I found the lygsat list, thanks for posting that.


----------



## Diatheke (Jan 29, 2008)

The list I was going by is:

http://www.sadoun.com/Sat/Channels/Channels-FTA-free-to-air-Satellite-TV.htm

It does say 87 West but I thought it was FTA not C - Band.


----------



## unclehonkey (Jan 3, 2008)

spirit TV is gone. They are no longer on satellite.

you would need a 6 foot or larger dish for TVU. Another option is a KU system on 97W for JCTV. They also have videos

here is some more info. Found this at Satelliteguys



> Spirit's website is still up and the webstream is still up so it looks like they just stopped the Cband transmission at this time. Probally cheaper for them to send an internet feed to skyangel for the new iptv service.


----------



## Davenlr (Sep 16, 2006)

JCTV and AlJazeera are strong. They come in great on my 24" dish. Surprisingly, JCTV isn't dolby, but sounds good.

Keep coming up with new channels I'm gonna have to buy a motor drive and a chain saw.


----------



## unclehonkey (Jan 3, 2008)

chainsaw....a FTA'ers best friend


----------



## Davenlr (Sep 16, 2006)

I can get sats from 72 to 101W with a motorized dish, but have to use a stationary dish for G10.

Can I use a HH disq motor drive hooked to port 2 of a disq switch and keep G10 on port 1, or will the motor not work with a 4 sat switch?
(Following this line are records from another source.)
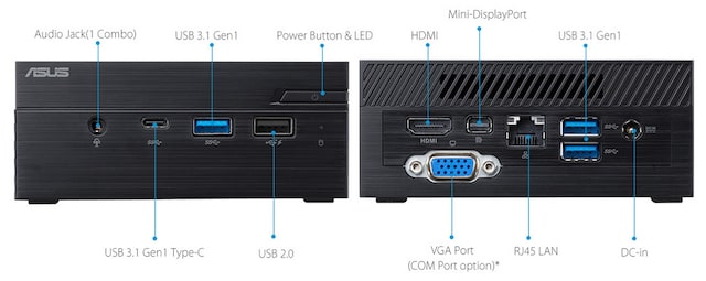 ASUS Mini PC PN40 kommer med en omfattende samling af porte, herunder en USB 3.1 Gen 1 Type-C-port og tre USB 3.1 Gen 1-porte til hurtig dataoverførsel samt HDMI- og Mini DisplayPort for tilslutning til skærme.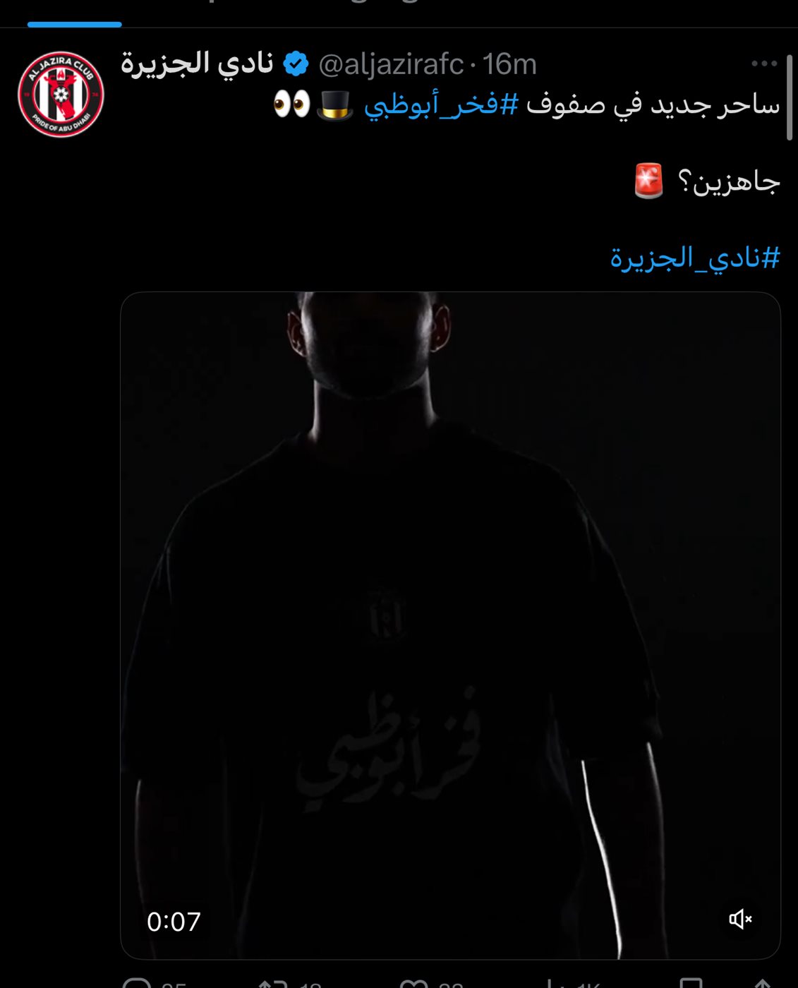 ونشر حساب الجزيرة فيديو تشويقيا للإعلان عن الصفقة وكتب: “ساحر جديد في صفوف فخر أبو ظبي”.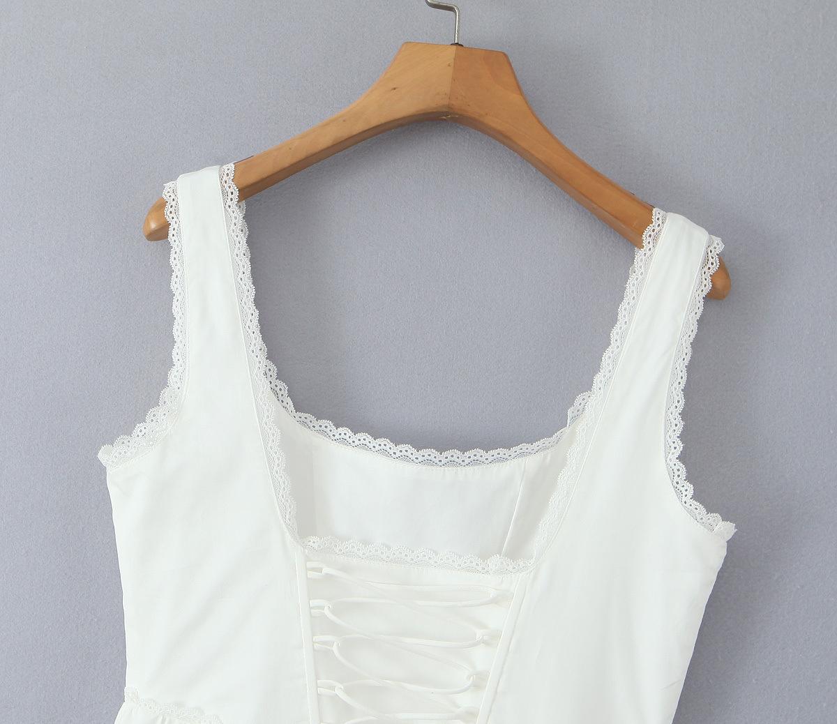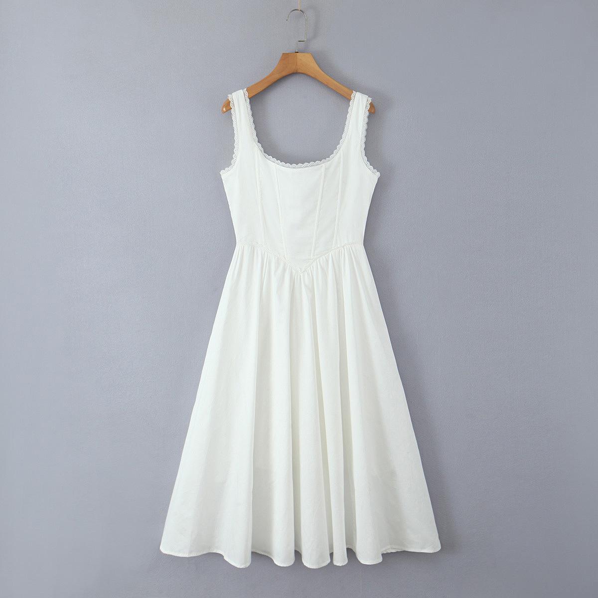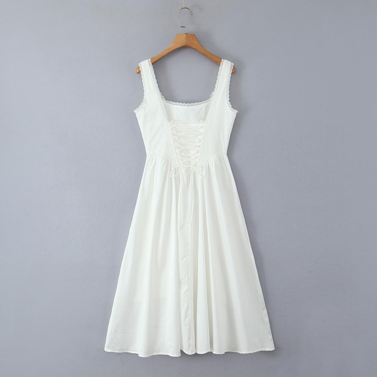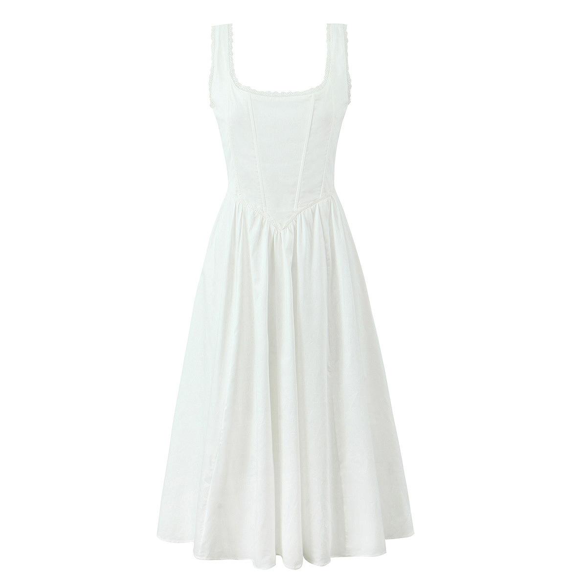 Vestido de Verano para Vacaciones con Cuello de Encaje Romántico Francés para Niña, Tirantes Cruzados en la Espalda, Cintura Adelgazante

Hate to buy a motor and lose G10.


----------



## bruin95 (Apr 23, 2006)

Diatheke said:


> The list I was going by is:
> 
> http://www.sadoun.com/Sat/Channels/Channels-FTA-free-to-air-Satellite-TV.htm
> 
> It does say 87 West but I thought it was FTA not C - Band.


FTA also includes C-band, not just Ku.


----------



## FTA Michael (Jul 21, 2002)

Davenlr said:


> I can get sats from 72 to 101W with a motorized dish, but have to use a stationary dish for G10.
> 
> Can I use a HH disq motor drive hooked to port 2 of a disq switch and keep G10 on port 1, or will the motor not work with a 4 sat switch? Hate to buy a motor and lose G10.
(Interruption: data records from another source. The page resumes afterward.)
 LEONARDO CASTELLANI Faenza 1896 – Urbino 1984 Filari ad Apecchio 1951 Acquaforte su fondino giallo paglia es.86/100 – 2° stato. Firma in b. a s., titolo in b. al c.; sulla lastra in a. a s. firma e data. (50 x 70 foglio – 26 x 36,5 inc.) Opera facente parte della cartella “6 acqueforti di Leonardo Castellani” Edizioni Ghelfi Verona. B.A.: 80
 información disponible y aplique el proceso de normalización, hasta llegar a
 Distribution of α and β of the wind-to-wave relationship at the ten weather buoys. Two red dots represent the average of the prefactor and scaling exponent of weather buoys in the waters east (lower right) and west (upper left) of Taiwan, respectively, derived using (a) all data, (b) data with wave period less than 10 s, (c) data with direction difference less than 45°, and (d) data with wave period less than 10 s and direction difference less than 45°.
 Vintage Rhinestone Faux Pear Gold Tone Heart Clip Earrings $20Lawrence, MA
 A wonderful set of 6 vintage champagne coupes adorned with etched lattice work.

Absolutely! That's the way I've got my system set up.

I keep a stationary dish for G10R not because I can't hit it with the motor, but because this way I can always access those channels in a snap. It also helps that I can fine-tune that dish to better pick up G10R's relatively weak signals.


----------



## unclehonkey (Jan 3, 2008)

Davenlr said:


> I can get sats from 72 to 101W with a motorized dish, but have to use a stationary dish for G10.
> 
> Can I use a HH disq motor drive hooked to port 2 of a disq switch and keep G10 on port 1, or will the motor not work with a 4 sat switch? Hate to buy a motor and lose G10.


sure you can. I have a motorized for 61-148 but need a fixed dish for hispasat at 30W.
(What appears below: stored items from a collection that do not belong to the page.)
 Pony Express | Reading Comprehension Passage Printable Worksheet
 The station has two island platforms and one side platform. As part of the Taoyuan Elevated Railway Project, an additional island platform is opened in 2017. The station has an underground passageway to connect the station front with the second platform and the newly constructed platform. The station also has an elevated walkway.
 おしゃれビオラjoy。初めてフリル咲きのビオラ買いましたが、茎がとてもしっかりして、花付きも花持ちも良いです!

You just add either a 22k switch or a diseqc switch between the motor and the LNB's.


----------



## Davenlr (Sep 16, 2006)

Great, thanks guys. Anyone have any suggestions on a motor? There are lots of different ones and lots of different places. I've been ordering my lnb's from Sadoun since they are close. Ordered the dish from satelliteav.com and the receiver from gosatellite in Canada. I'm open to suggestions...Id like one with a high count/inch so I don't have to worry about resyncing. Ill be using a Geosatpro 90cm dish.


----------



## unclehonkey (Jan 3, 2008)

I have a SG2100 and it works great. I've also read the Geosat motor that SatelliteAV puts out is quieter than the SG2100 and works just as good.


----------



## Davenlr (Sep 16, 2006)

Ok, thanks. Just wanted to make sure its compatable with my switch and stationary dish setup.
I lost the first transponder on G10 today, signal was the same, but quality dropped to 40 and was breaking up badly. Only thing that changed was the weather...the uplink for G10's Equity mux is about 10 miles west of me, and its been raining pretty heavy. I know they monitor the downlink on FTA receivers, and boost the uplink power when they start getting bad quality on the downlink. I went out and bumped the dish ever so slightly east (its on a flat roof mount sitting on the ground in my front yard). Quality went up 10 points, signal didn't change (80-82). What's the deal with the signal readings vs quality? I'm guessing quality is the bit rate error percentage in reverse, but signal seems to either be 80-82 or nothing.


----------



## unclehonkey (Jan 3, 2008)

signal doesnt mean anything. That just shows you have signal to the LNB
quality is all that matters honestly. I've seen the receiver show 80 signal whether I'm on the satellite or not

but I know when there is bad weather in Little Rock it seems like the Equity channels do lose power.


----------



## Davenlr (Sep 16, 2006)

Thanks. That makes sense. When I get the HH motor, do I hook the coax going to the motorized dish to port 1 of the disq switch, or put the disq switch between the motor and the lnb on the motorized dish, and run a coax from there to the secondary dish...Little confused there.


----------



## FTA Michael (Jul 21, 2002)

It works either way. 

If you're only going to have one LNB on your motor, then run the cable from receiver to switch to motor to LNB.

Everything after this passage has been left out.